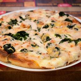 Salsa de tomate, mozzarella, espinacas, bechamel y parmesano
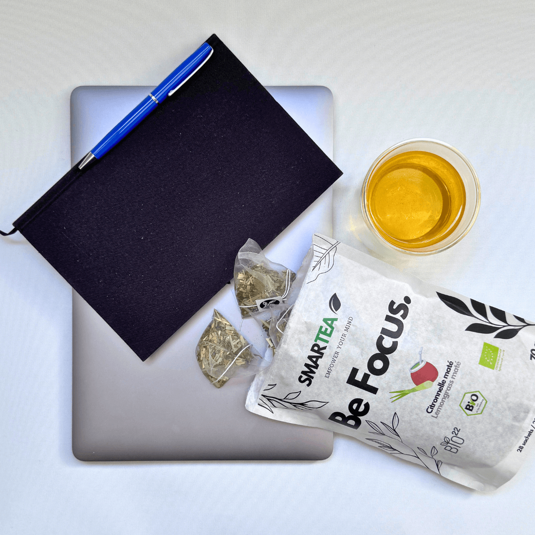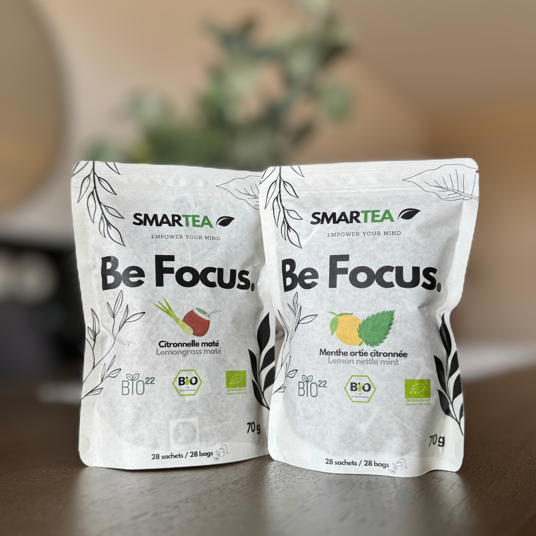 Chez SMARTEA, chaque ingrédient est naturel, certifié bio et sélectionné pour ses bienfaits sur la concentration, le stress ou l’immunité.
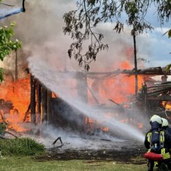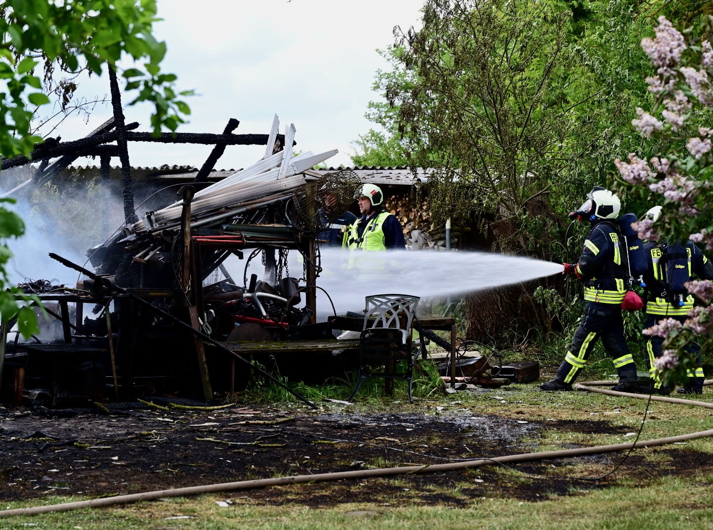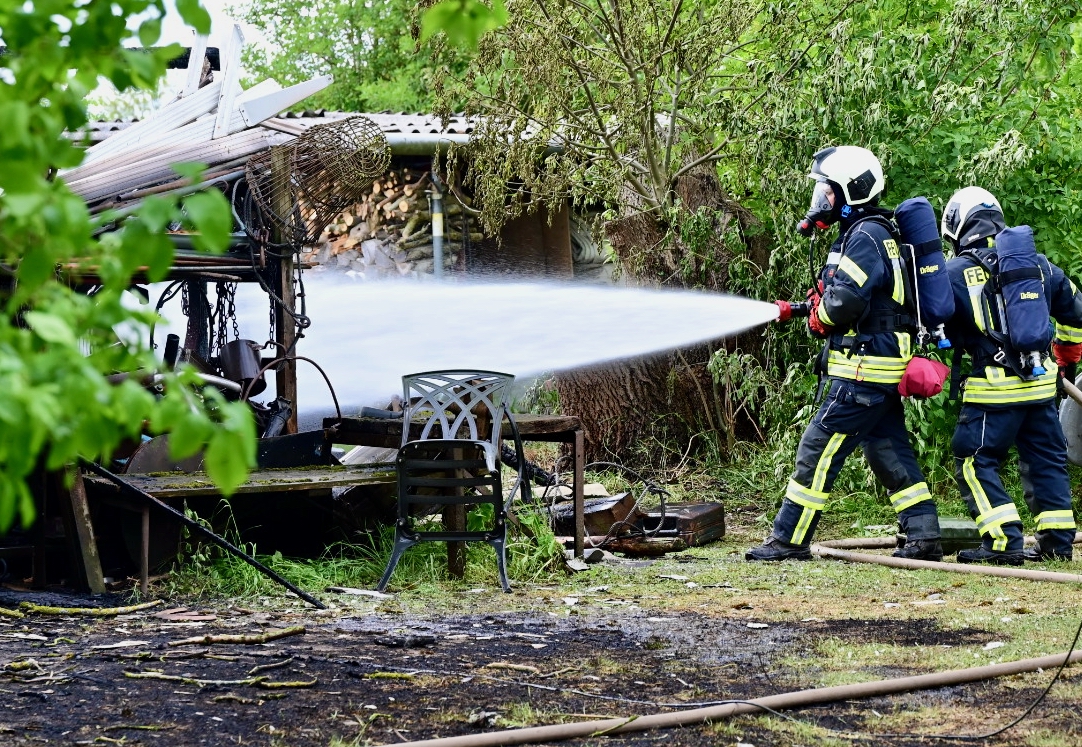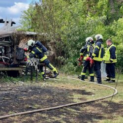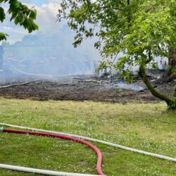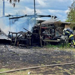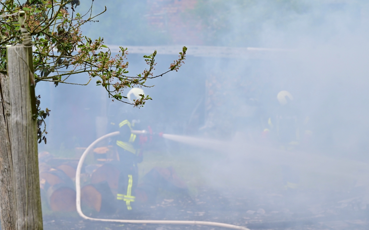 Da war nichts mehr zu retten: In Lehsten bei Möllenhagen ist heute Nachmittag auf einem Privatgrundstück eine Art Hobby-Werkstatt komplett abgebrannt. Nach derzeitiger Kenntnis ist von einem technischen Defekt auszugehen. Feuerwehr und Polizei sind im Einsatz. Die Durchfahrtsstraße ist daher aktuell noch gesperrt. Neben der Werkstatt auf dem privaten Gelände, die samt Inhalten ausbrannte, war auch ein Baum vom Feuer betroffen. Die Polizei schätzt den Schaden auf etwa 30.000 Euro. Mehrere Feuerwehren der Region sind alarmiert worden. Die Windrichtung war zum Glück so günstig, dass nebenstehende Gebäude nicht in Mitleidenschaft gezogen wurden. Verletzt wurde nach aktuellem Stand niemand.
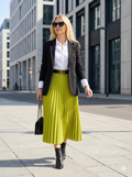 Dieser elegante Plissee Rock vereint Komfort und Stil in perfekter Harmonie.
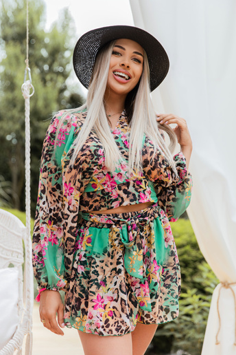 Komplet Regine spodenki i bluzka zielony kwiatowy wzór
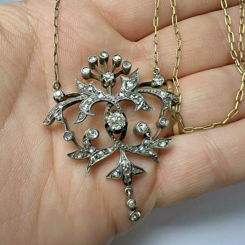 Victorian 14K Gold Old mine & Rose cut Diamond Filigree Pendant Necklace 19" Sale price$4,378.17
§ §
- _Task to complete_
Nothing is needed beyond an exact transcription of the lines from the one containing "Da war nichts" to the end of the entries above, with the pictures omitted.

- _Solution for this problem_
 Da war nichts mehr zu retten: In Lehsten bei Möllenhagen ist heute Nachmittag auf einem Privatgrundstück eine Art Hobby-Werkstatt komplett abgebrannt. Nach derzeitiger Kenntnis ist von einem technischen Defekt auszugehen. Feuerwehr und Polizei sind im Einsatz. Die Durchfahrtsstraße ist daher aktuell noch gesperrt. Neben der Werkstatt auf dem privaten Gelände, die samt Inhalten ausbrannte, war auch ein Baum vom Feuer betroffen. Die Polizei schätzt den Schaden auf etwa 30.000 Euro. Mehrere Feuerwehren der Region sind alarmiert worden. Die Windrichtung war zum Glück so günstig, dass nebenstehende Gebäude nicht in Mitleidenschaft gezogen wurden. Verletzt wurde nach aktuellem Stand niemand.
 Dieser elegante Plissee Rock vereint Komfort und Stil in perfekter Harmonie.
 Komplet Regine spodenki i bluzka zielony kwiatowy wzór
 Victorian 14K Gold Old mine & Rose cut Diamond Filigree Pendant Necklace 19" Sale price$4,378.17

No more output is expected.